On the other hand, I am revolted by those creatures who think it should be open season when it comes to human babies, even though there are seasonal time limits when it comes to hunting and killing four-legged animals.
I personally believe there is a special place in Hades for those women who insist that aborting a baby is no different from having a mole surgically removed. How are people who think that way any different from Nazis who felt the same way about gassing Jews?
I wonder how these creeps would respond to my pointing out that nobody ever threw a baby shower for a mole; painted a room in the house pink or blue because of a mole; and nobody ever named a mole after a beloved parent or grandparent.
One of my readers let me know he was shocked to learn how widespread on college campuses it had become for blacks to segregate themselves from their fellow students, demanding separate dorms, separate indoctrinations, separate counselors and even separate graduation exercises.
One might even refer to this practice as Leroy Crow Laws.
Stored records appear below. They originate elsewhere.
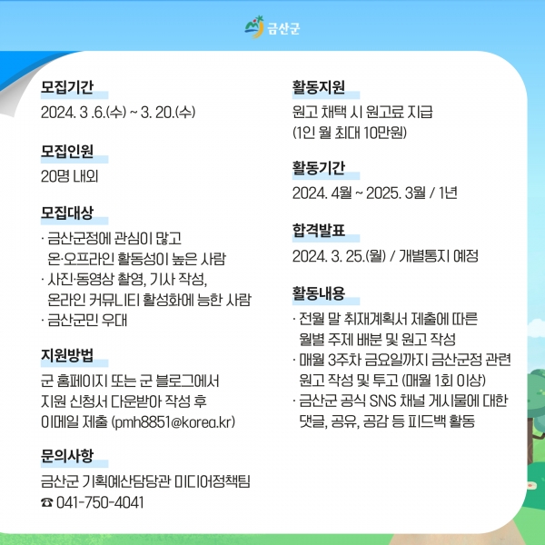 모집인원은 20명 이내로 금산군에 애정과 관심이 많고 글쓰기와 사진, 동영상 촬영이 가능하고 온라인 커뮤니티 활성화에 능숙하면 누구나 지원할 수 있다.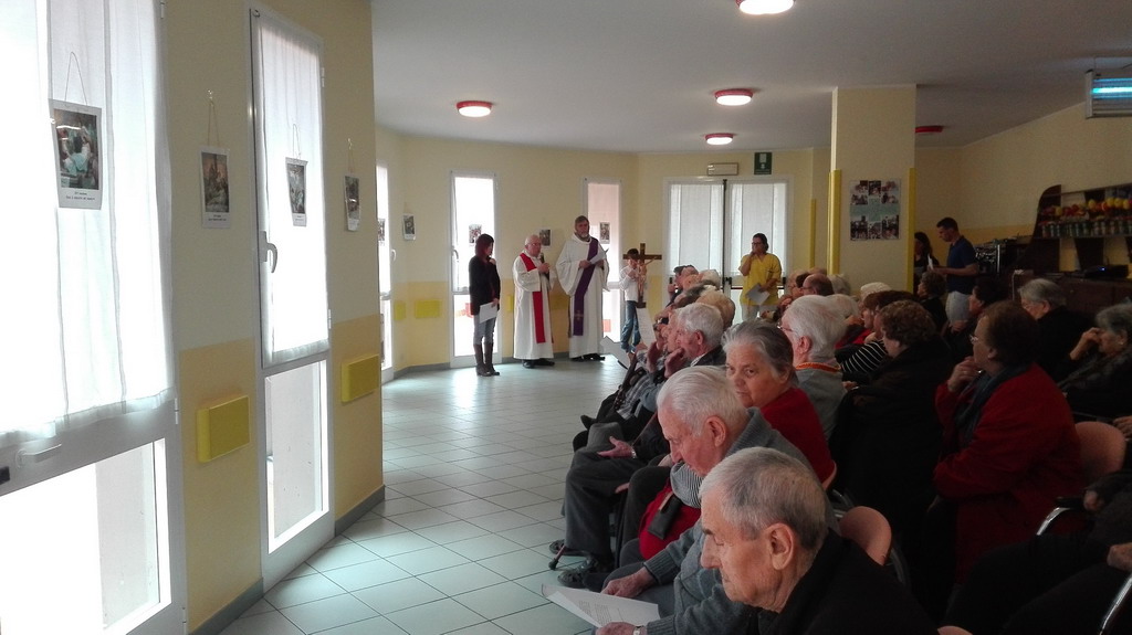 Così, alle 15,30 insieme agli Ospiti della struttura, ai loro familiari e agli operatori che quotidianamente assistono con amorevole dedizione gli anziani, si sono percorse le stazioni che hanno portato il Signore alla croce. Molti dei presenti, in particolare gli Ospiti della struttura, ma anche alcuni famigliari, alcuni operatori e alcuni volontari, sono intervenuti leggendo i commenti delle varie stazioni.
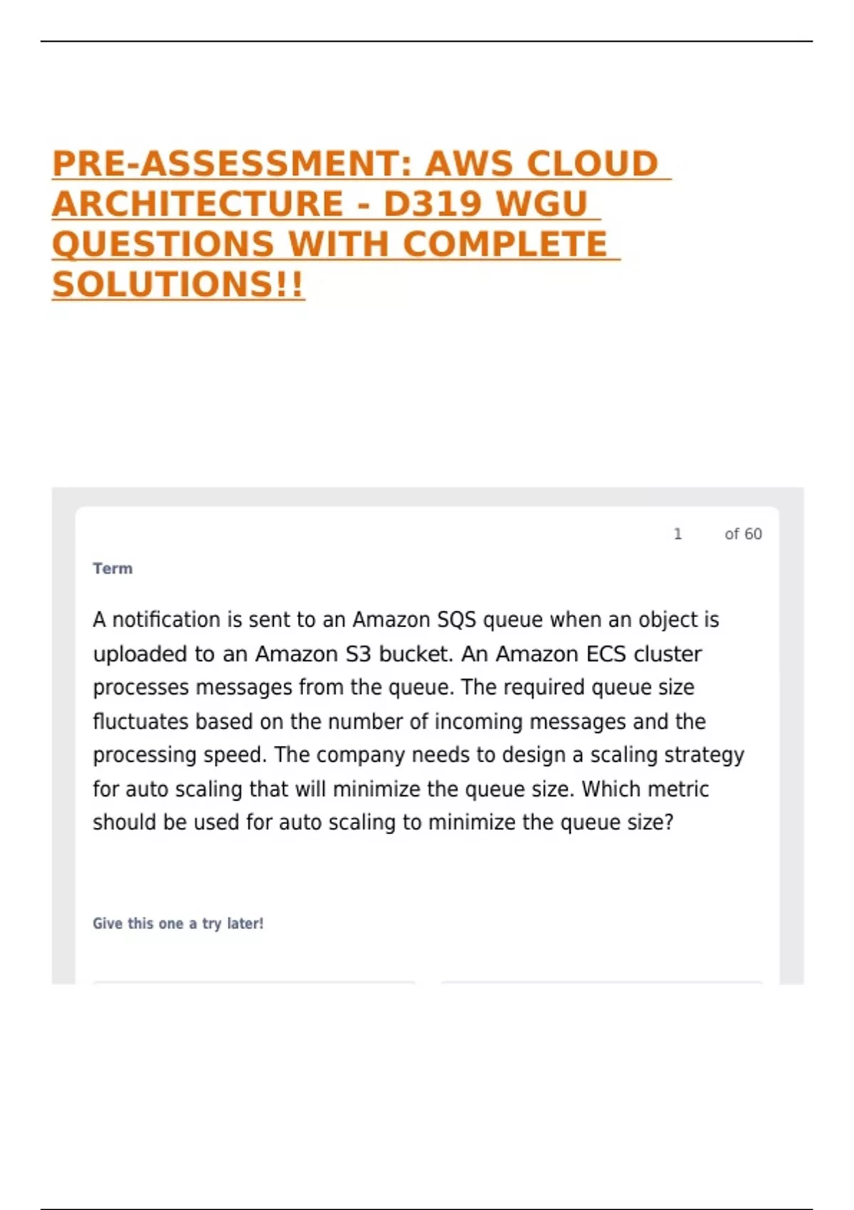 PRE-ASSESSMENT: AWS CLOUD ARCHITECTURE - D319 WGU QUESTIONS WITH COMPLETE SOLUTIONS!!

The problem is that once you begin pandering to people by excusing their criminal practices; accept their every grievance as gospel; begin leap-frogging them over more deserving students into colleges and universities; elect them to high office in order to absolve white guilt; they come to feel special and entitled. It’s just human nature. You see it not only with blacks, but with show biz celebrities, politicians and illegal aliens.
Someone sent me a collection of actual newspaper headlines, beginning with “Homicide Victims Rarely Talk to Police”
Others include “Barbershop Singers Bring Joy to School for Deaf”
“Miracle Cure Kills Fifth Patient”
“17 Remain Dead in Morgue Shooting Spree”
“Starvation Can Lead to Health Hazards”
“Man Accused of Killing Lawyer Gets a New Attorney”
“Parents Keep Kids Home to Protest School Closure”
“Hospitals Resort to Hiring Doctors”
“Federal Agents Raid Gun Shop, Find Weapons”
“Total Lunar Eclipse Will Be Broadcast Live on Northwoods Public Radio”
“Meeting on Open Meetings is Closed”
“Statistics Show That Teen Pregnancy Drops Off After Age 25”
“Bugs Flying Around With Wings Are Flying Bugs”
“Marijuana Issue Sent Along to a Joint Committee”
“Worker Suffers Leg Pain After Crane Drops 800-Pound Ball On His Head”
“Republicans Turned Off by Size of Obama’s Package”
At least the rags are good for a laugh, if not for the news.
I recently heard about an ex-major league relief pitcher named Joseph Jason Putz. For those of you unfamiliar with the word, “putz” is a Jewish word for the male organ.
It made me wonder if the baseball player’s name might have been shortened from something like Putzmeister or Putzman at Ellis Island. And if so, would that constitute a circumcision of sorts?